Осиновый человек - страница 3
Закончилась эпоха страшных деревянных скамеек в электричках. До Кунгура, вон, ходили эстетичные составы с синими креслами с выделенными подлокотниками, почти как в самолёте; но попала на горнозаводском направлении, в сторону Тёплой горы и с пересадкой в Чусовом, на более старый вариант – с синими сомнительной мягкости скамьями, разделёнными на три выраженных посадочных места. Никто рядом с Надей не сел, и она, задвинув сумки в ноги, прижалась к окну.
***
Родной дом стоял на окраине Ягбора, где за ветхим, но всё ещё стоически держащим редкие удары ветра забором огорода начиналась непроглядная тайга. Должно быть, название дали посёлку уже давно – в те времена, когда сосняк и вправду был молод и свеж; но вот зато ручей никуда так и не делся: в детстве Надя частенько бегала в лес, заходя совсем не глубоко, скидывала обувь, шла босиком по мягчайшему ковру из хвои и переходила на бег, едва прорывался сквозь шорохи и птичьи трели звонкий ручей. Чем ближе к нему, тем топче становилась земля, и вот Надя прыгала в ледяную воду, искалывающую тут же ступни, и стояла, едва дыша, и такое счастье переполняло её в такие моменты одиночества, что хотелось плакать. Порой она и правда плакала, позволяя вырываться наружу всему, что давила, а после, зло промакивая слёзы и растирая покрасневшие слёзы, шлёпала обратно.
Воспоминания захлестнули Надю с головой: встали перед глазами, как живые.
Дерево родного дома, на один этаж с погребом и чердаком, как и многие вокруг, за годы потускнело. Надя помнила, как прикасалась к стенам снаружи ладонью – шершавая поверхность отвечала на её прикосновение теплом, будто нагретая солнцем. На углах проглядывались резные узоры, высеченные отцом, но об их значении он не имел обыкновения распространяться, пусть Надя спрашивала, пока не надоело. Неподалёку расположились сарай, где хранились отцовские инструменты, и банька, какую топили еженедельно, курятник, где кудахтали вечно беспокойные куры, и собачья будка, где жила Райда, а после – её верные наследницы, носящие то же имя, пока не закончилась гордая династия дворняг, поленница и крольчатник.
Пожалуй, любимым местом Нади было крыльцо. Оно отзывчиво скрипело под ногами, особенно когда папа поднимался на него тяжёлыми шагами.
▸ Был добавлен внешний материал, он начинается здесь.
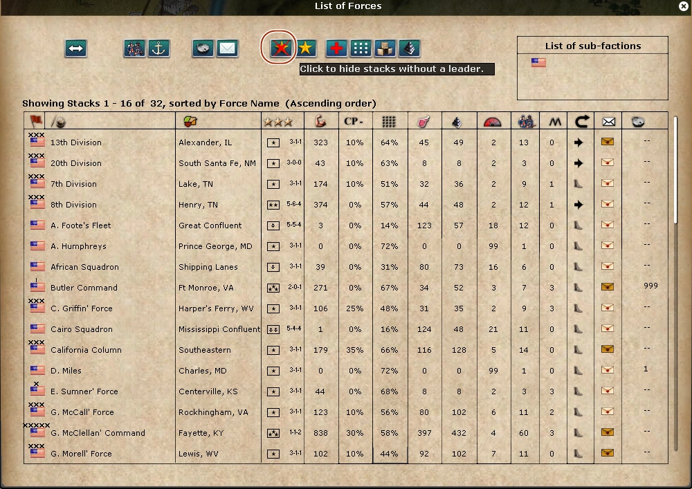 Gray Ghost wrote:I am struggling with the new forces screen. Is this the replacement for the 'roster' in ACW? If so, how do I find a specific general or unit. The buttons at the top seem to be counter intuitive. It seems that one must hide everything he doesn't want to see. What am I missing?

На ступеньках всегда лежал старый половик, серый от времени и от пыли, но мама каждый месяц стирала его, и он снова становился пусть не ярким, но хотя бы самую малость цветастым, хоть и ненадолго. Надя любила сидеть на крыльце летними вечерами, когда солнце клонилось к лесу, и воздух наполнялся ароматом трав и земли. Ветерок, лёгкий и ласковый, играл волосами; где-то в отдалении ржали лошади, с речушки, постепенно становящейся озером-копытом, доносился гомон, пели лягушки, а Надя, отмахиваясь от комаров, следила за закатом, окрашивающим верхушки сосен в багрянец.
Дома пахло всегда по-особенному.
Летом – свежестью и травами, потому что мама сушила травы, развешивая пучки на кухне. Став старше, Надя ходила за порученными травами одна, окунаясь в мир растений: змеистошкурые плауны, нитки ужовников, виноградистые гроздовники, кочедыжники, пузырники, скрытокучницы, костенцы, фегоптерисы, щитовники, многорядники, многоножки (нет, не членистоногие), орляки и сальвинии; белые каймой, розовые нутром сусаки, утопшие по берегам стрелолисты, ощетинившиеся ежи, тонкостанные костеры, похожие на ожерелье купены душистые, звёздочки гусиных луков, чашечки белокрыльников; розовые-красные-багряные-мясные гвоздики, пыльцеголовники, дремлики, венерины башмачки, пальчатокоренники, горицветы, горцы, борцы, воронцы, прострелы, пионы, астрагалы, эспарцеты, чины, герани; жёлтые калужницы, купальницы, чистяки, лютики, адонисы, свербиги, кубышки, очитки, родиолы, чистотелы, лапчатки, караганы, зверобои, солнцецветы, первоцветы; белые дремы, смолёвки, ветреницы, чесночницы, кувшинки, камнеломки, белозоры, дриады, таволги; синие мордовники и васильки – что она только ни собирала, проводя светлые дни на воздухе. А неизменно к концу лета мама разливала по стареньким, с переклеенными многократно наклейками и следами застаревшего клея, стеклянным банкам варенье, а Надя старательно подписывала по-детски кривым почерком: вот тут яблочное, там – смородиновое, а здесь – крыжовниковое. Через занавески пробивалось ещё тёплое солнце, играло бликами, но стоило отвлечься, как мама журила ласково.